There are many different types of Foundation Programme, but they are all designed as preparation for Higher Education courses, often for students who do not have the necessary qualifications for university entry.
Many Foundation Programmes taught at private sixth-form colleges consist of a mixed curriculum devised by the college, where they have negotiated deals with specific universities or Art Schools for it to be a valid qualification for entry. The most popular is a pre-university course which offers fast track entry to UK universities for international students. They typically last for either 12 or 18 months and are only available to students of at least 17 years old because you need to be at least 18 years old for university entry. They are often built round a combination of subjects such as (1) Business & Finance, (2) Engineering & Technology or (3) Law, Social and Political Studies.
You will sometimes see these courses advertised by colleges with the words “guaranteed university entry”. You need to be aware that this means (a) only if you achieve a minimum pass mark and (b) admission to specified universities. Most of the Top 25 UK universities do not generally accept these Foundation Programmes as being of a sufficiently high academic level to proceed to a degree course. Indeed, many of the top universities are now setting their own admissions tests for some degree courses because they do not find that three A grades at A level allows them to differentiate between the top candidates for admission.

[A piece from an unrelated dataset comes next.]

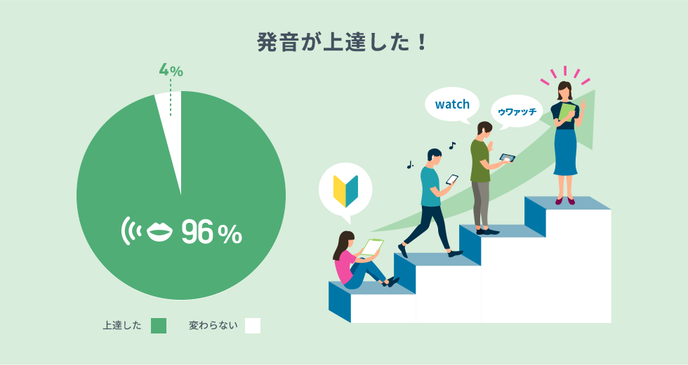 - ●人目を気にせず、すきま時間に気軽に発音の練習ができる点が良かったです。

Notwithstanding this, Foundation Programmes are very popular because they offer a fast track entry route into a significant number of big UK universities who are seeking to recruit foreign students. Although Foundation Programmes started in private sixth form colleges, a number of UK universities have set up their own programmes on campus in an effort to recruit more international students.

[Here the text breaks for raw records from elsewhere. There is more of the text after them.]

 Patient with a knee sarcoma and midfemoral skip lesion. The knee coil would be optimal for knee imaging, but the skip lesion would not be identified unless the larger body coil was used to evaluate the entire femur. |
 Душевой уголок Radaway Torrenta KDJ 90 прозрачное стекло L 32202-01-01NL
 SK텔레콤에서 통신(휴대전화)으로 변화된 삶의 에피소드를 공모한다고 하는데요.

In theory Foundation Programmes are only valid for international students, but some colleges have been sending so many students to certain universities, that they can slip a few UK nationals in “under the radar”. Thus, in theory, a UK student who failed his /her AS exams at 17 could switch to a Foundation Programme and still gain entry to a university at 18.

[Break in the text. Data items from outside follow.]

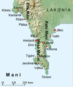 - Exo Mani (Έξω Μάνη) or Outer Mani to the northwest, corresponding approximately to West Mani
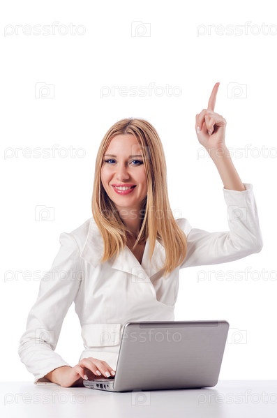 Женщина с ноутбуком на белом фоне
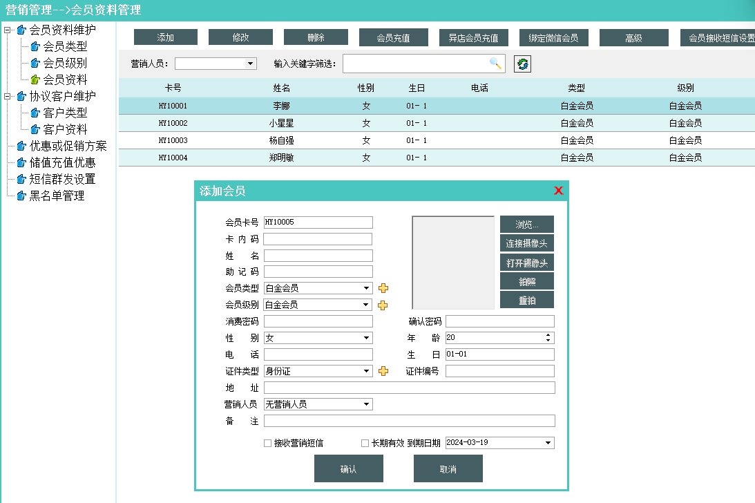 第二:民宿客栈收银软件支持会员管理,会员可分为折扣卡、储值卡、积分卡等,会员卡支持条码卡、磁条卡、ID卡、ic卡、芯片卡等,支持多种刷卡设备:磁卡读写器、ID卡读写器、ic卡读卡器、芯片卡读卡器

For students wanting to study Art and Design at university or Art College, there are Art Foundation Diploma courses which are often recommended as a first step. These typically last one year and offer the opportunity to explore a range of disciplines within Art and Design before choosing an area in which to specialise. Assistance is given during the course in building a portfolio and applying for degree courses. There are variants in Drama which end up with a RADA Certificate and entry to Drama or Stage School. Similarly a Music Composition or Music Technology Foundation Course can lead to entry into a music academy, conservatoire or directly into the music industry.These type of Foundation Programme can sometimes be combined with conventional A Level studies.